Last week Giorgi Gagoshidze and I packed our bags and flew to Athens for Drupal Developer Days. The weather turned out nicer than I had expected and since we were on the ground for five days, the trip ended up feeling a little like a short holiday squeezed in between everyday work.

Why I keep coming back to DDD

I always prefer Drupal Dev Days over the bigger conferences. Every year I try to make it to FOSDEM in Brussels for the same reason: it stays close to the foundations, it's nerdy in a good way, and the people in the room are there for engineering, not for the booth swag. DDD takes that one step further for me. It's smaller and more familiar, closer to a reunion than a conference. You bump into people you're working with online and finally every year, get to share a coffee, a beer, or an argument about AI slop :))
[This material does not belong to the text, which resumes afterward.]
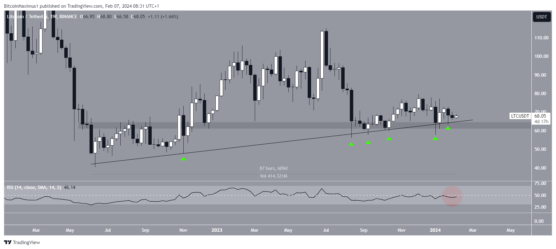 Цена Litecoin (LTC) консолидируется выше долгосрочного уровня поддержки с августа 2023 года.
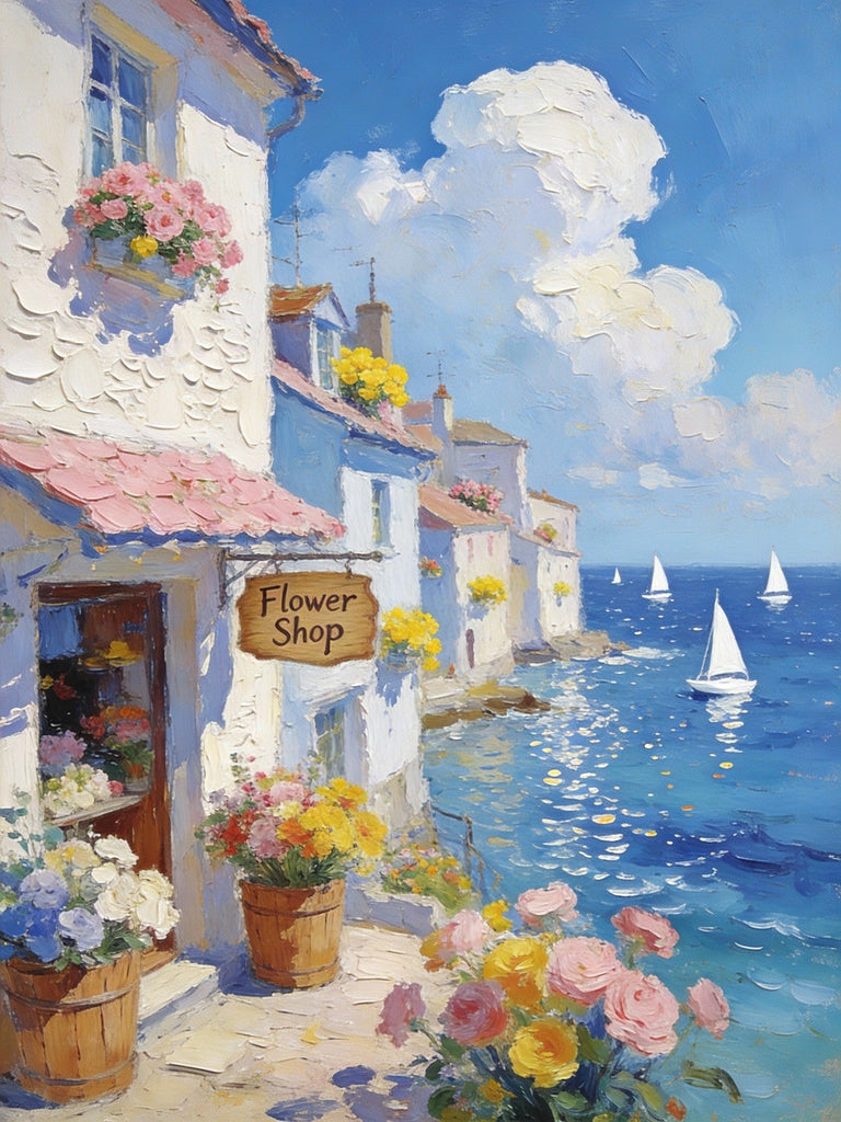 Original Small Paintings, Seaside Flower Shop in Summer, Impasto Paintings, Small Oil Paintings, Small Wall Art Paintings, Landscape Canvas Paintings-HomePaintingDecor

This year was no exception. The Greek community pulled off a fantastic event, and Athens turned out to be a very fitting backdrop for a week of conversations about what's next for Drupal.

DDD

A few things that stuck with me

Dries on European digital sovereignty

One of the highlights was the fireside chat between Dries Buytaert and Prof. Dimosthenis Anagnostopoulos, Greece's Secretary General for Information Systems and Digital Governance. The topic was open source in the public sector and EU digital sovereignty — a movement I follow closely online.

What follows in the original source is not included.